Protesters threw stones at police and burned tyres on the streets of Malmo late Friday, with the violence escalating as the evening wore on, according to police and local media.
The demonstration of about 300 people was connected to an incident earlier in the day in which protesters burned a copy of the Islamic holy book, police spokesman Rickard Lundqvist told Swedish tabloid Expressen.
Between 10 and 20 protesters were arrested late Friday and "have all been released", police spokesman Patric Fors told AFP.
Several police were slightly injured, he added. The violence had subsided by Saturday morning.
"Those who act like this have nothing to do with Islam," Samir Muric, an imam, said on Facebook.
"It's not right," Malmo resident Shahed told the SVT public broadcaster. "But it wouldn't have happened if they hadn't burnt the Koran," he added.
Rasmus Paludan, who leads the far-right Danish anti-immigration party Hard Line, was due to travel to Malmo to speak at Friday's event, which was being held on the same day as main weekly prayers for Muslims.

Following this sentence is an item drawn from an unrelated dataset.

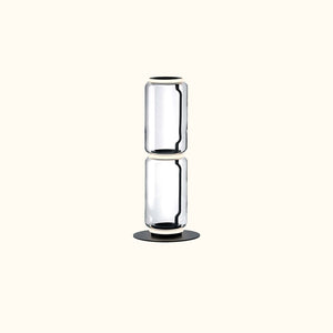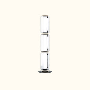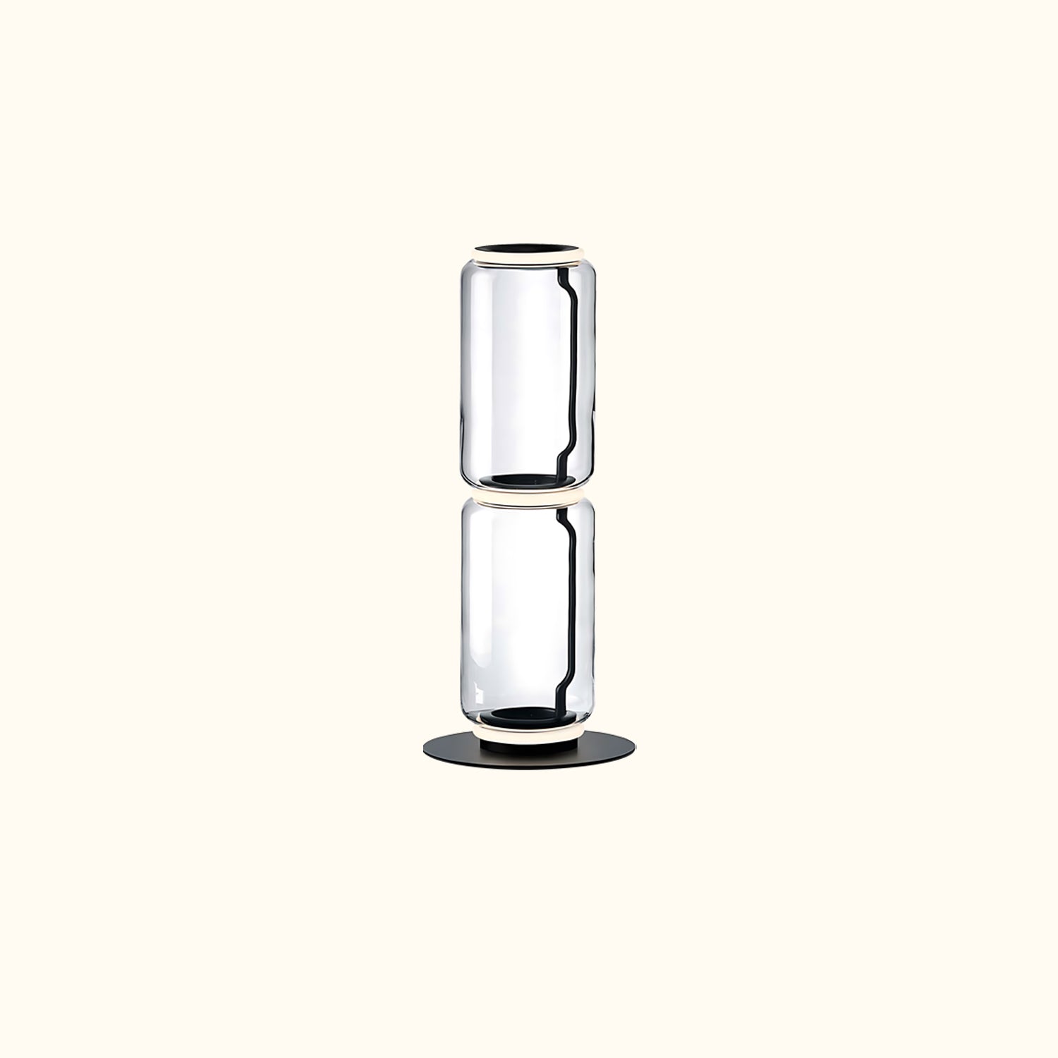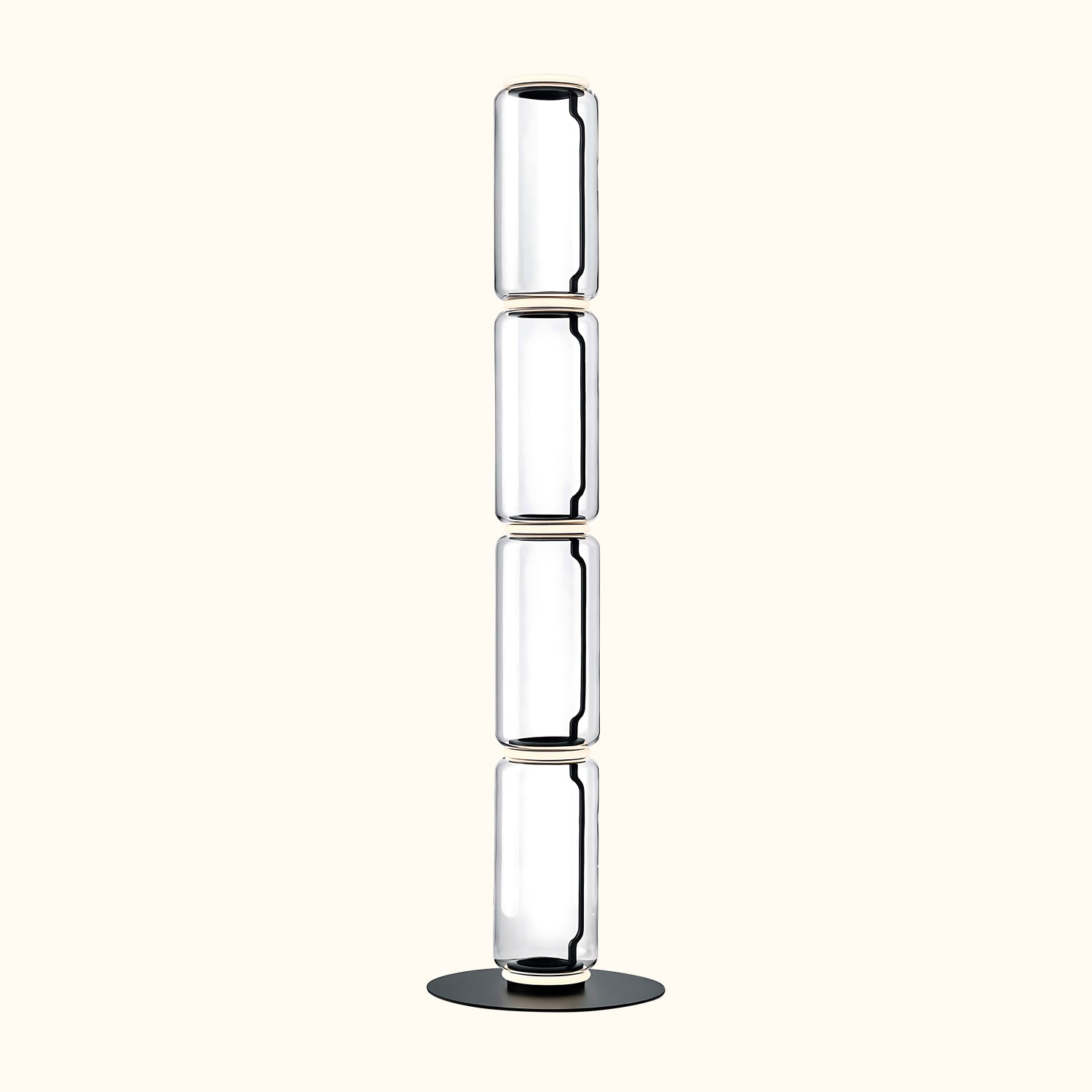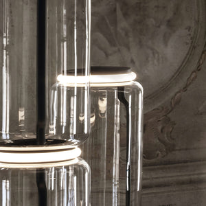 This transparent fixture is made of hand-blown glass cylinders and is almost invisible when not illuminated. Named after the French word for "night owl," it appears dormant due to its concealed LED technology until it magically lights up.

But authorities pre-empted Paludan's arrival by announcing he had been banned from entering Sweden for two years. He was later arrested near Malmo.

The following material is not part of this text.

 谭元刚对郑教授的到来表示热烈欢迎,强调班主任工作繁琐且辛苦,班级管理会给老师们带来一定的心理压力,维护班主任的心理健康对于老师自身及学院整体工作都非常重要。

"We suspect that he was going to break the law in Sweden," Calle Persson, spokesman for the police in Malmo told AFP.
"There was also a risk that his behaviour... would pose a threat to society."
But his supporters went ahead with the rally, during which six people were arrested for inciting racial hatred.
"It hurts," Salim Mohammed Ali, a Muslim resident of Malmo for over 20 years, told SVT on Saturday.
"People get angry and I understand that, but there are other ways of doing things," he added.
Malmo is an industrial city of 320,000 inhabitants, Over 40 per cent of its residents have foreign roots.